If I sell 10 contracts, that gets me $612.50 premium, right?

that would be 612.5 premium you would receive on each of the 10 contracts.



To: wlheatmoon who wrote (19844)2/16/1999 3:22:00 PM
From: IceShark  Read Replies (1) | Respond to of 86076
 
Oh boy neeked puts - I'll let WrongWay give a complete answer but you probably want to steer away from this, and hopefully your broker won't let you do this. -g-

BTW, 1 put contract is for 100 shares and is quoted in 1/100 price. So the value you are hanging your butt out on is $6.125 x 100 x 10 contracts = $6,125.00. McMillian tells a funny story about a fund manager who didn't know this and found himself in a losing position that was 100 times bigger than he thought it was. GULP!



To: wlheatmoon who wrote (19844)2/16/1999 3:24:00 PM
From: yard_man  Read Replies (2) | Respond to of 86076
 
No, if you sell 10 contracts that gets you 6125.00. You must have something a little more than 50% of the purchase price of 1000 shares in your account to maintain the position (in case you are put the shares), i.e. roughly $10,000. I wouldn't sell the 2000's, not enough premie; I would sell the 2001's.

You only sell a put if you are bullish, expecting the stock to appreciate.
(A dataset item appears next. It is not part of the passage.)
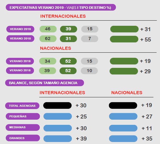 En el caso de los destinos nacionales, un 34% de las agencias prevén mejorar los resultados de hace un año y un 52%, igualarlos. Las expectativas más positivas corresponden a los destinos de playa. No obstante, éstas disminuyen si se comparan con 2018, tanto las que se refieren a destinos peninsulares como a islas. Los espacios naturales y los destinos rurales continúan con balances levemente negativos. Se mantiene el ligero optimismo del verano pasado en relación a parques temáticos y circuitos nacionales.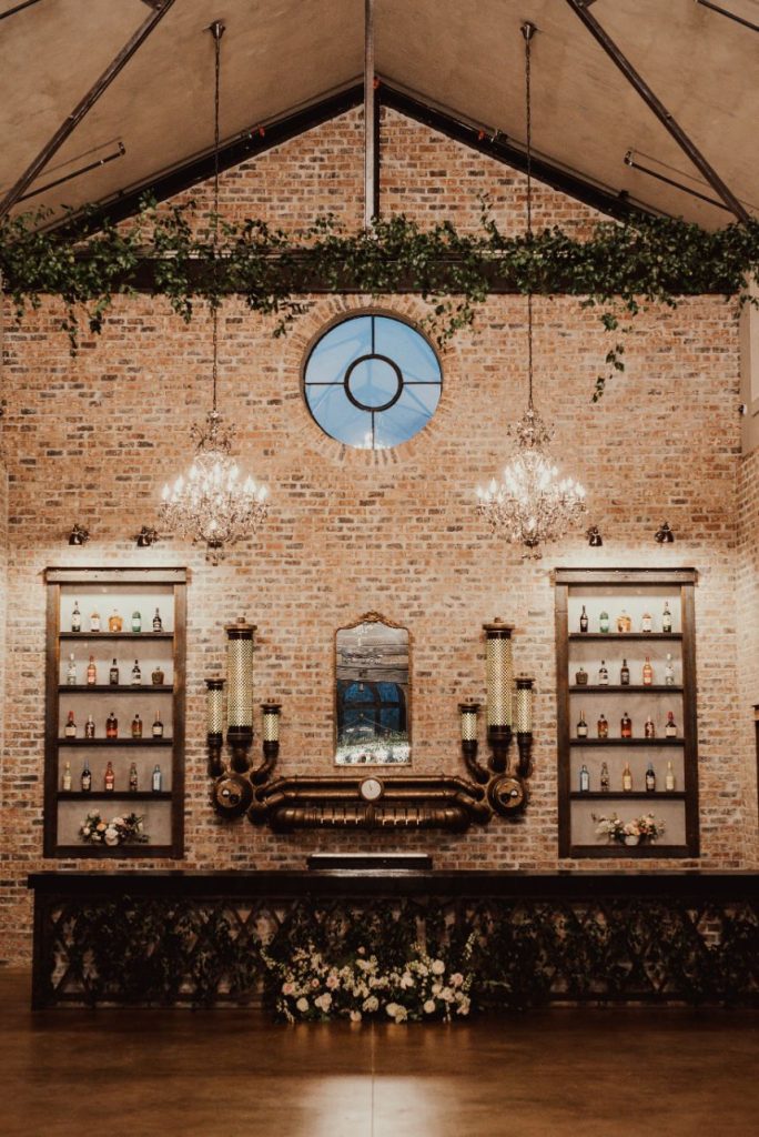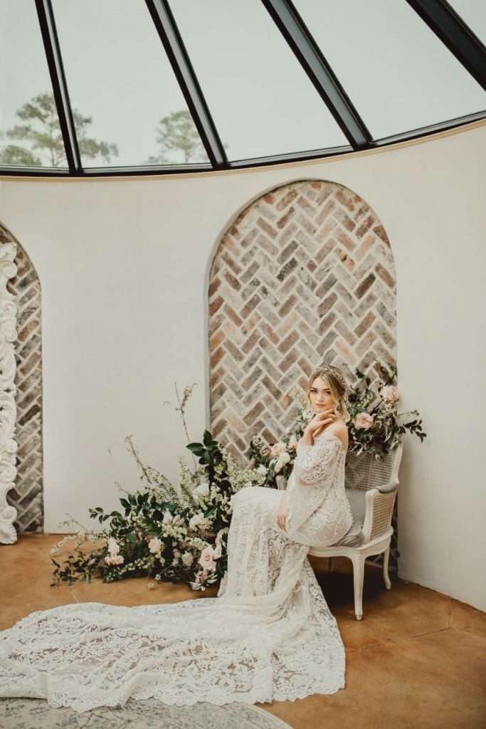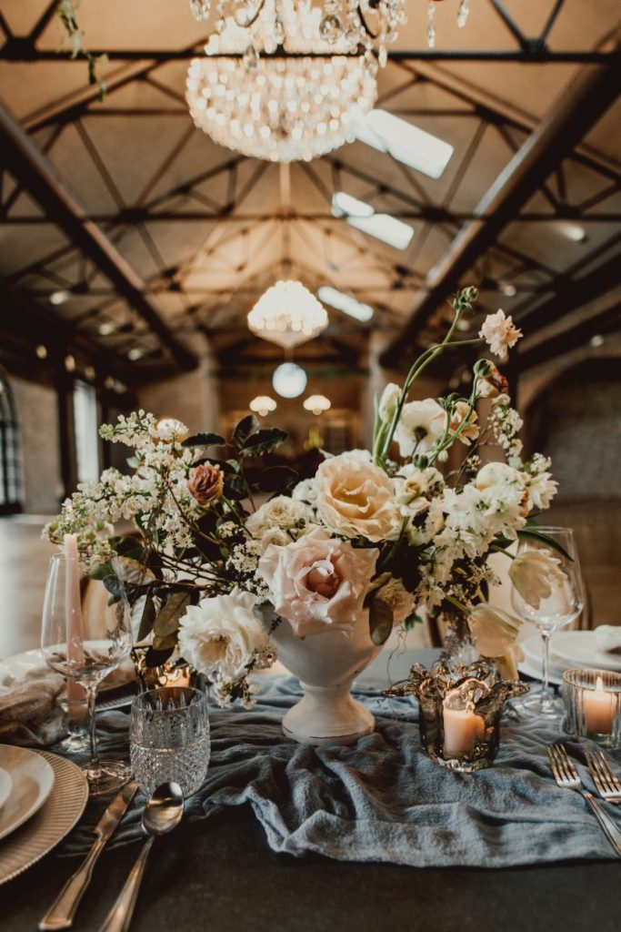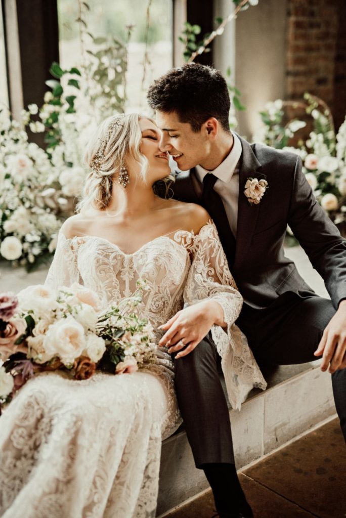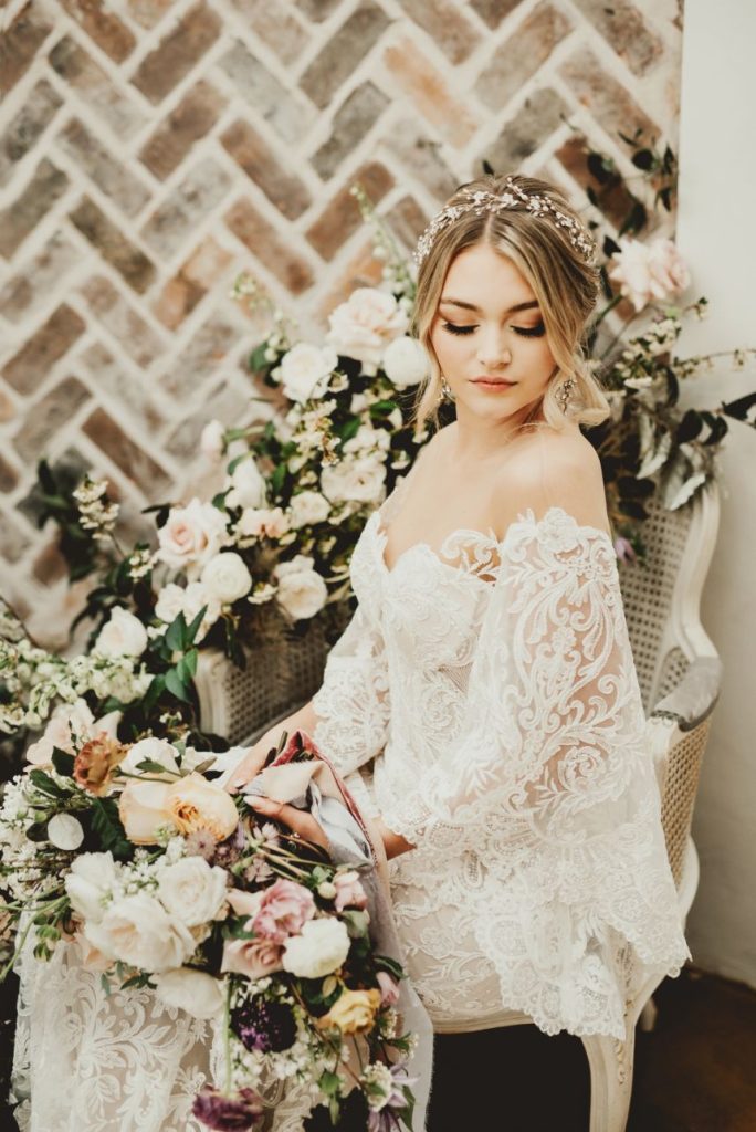 Give us all the drama! This contemporary romance wedding inspiration planned and designed by Love Birds & Co. is sure to wow both traditional and nontraditional brides alike. With a monochrome palette, it’s easy to mix and match a variety of different textures and finishes! Industrial brick and metals plus moody lighting contrast perfectly with feminine florals and organic textiles. From Flora + Fauna, this styled shoot features the most gorgeous floral design comprised of romantic roses and big blooms galore as well as plentiful greenery – even some suspended from hanging installations. Paperie from Jo’s Paper Kitchen in a dusty palette complemented the muted tones of the setting. The model’s stunning gown from Mia Bridal features off-the-shoulder poet sleeves and lace detailing all over. Beautiful artistry by ELM Beauty has her styled with loose curls secured in an updo with a bohemian hairpiece, and bold, warm-toned eye makeup matched with a natural peachy lip that is flattering and versatile enough for any bride! Having your wedding at an industrial venue means that you can utilize its urban setting and make it as full of luxe grandeur or as clean-cut and simple as you want! The choice is yours. Read on to hear about the planner’s vision for this contemporary romance wedding inspiration shoot. Cheers!

Suppose you sell the 2001 @ 20 for 9 (I don't know what the price is right now).

If between now and 2001 the stock appreciates to say 30, some time value would remain in the put -- let's guess 2 1/2. You buy it back.
Your profit is 9 - 2 1/2 = 6 1/2. It is similar in performance to a covered write, except for one very important fact. You take in money that can draw interest in the meantime. With the write, you don't get the interest on all that money as part of it went for a stock purchase.

It is possible that you would hold the position until 2001 and the stock would be just slightly above 20 or slightly below it and you are correct about calculating the return holding until exp. The idea is to mine the premie -- selling the put only if you expect the stock to appreciate markedly from where it is at.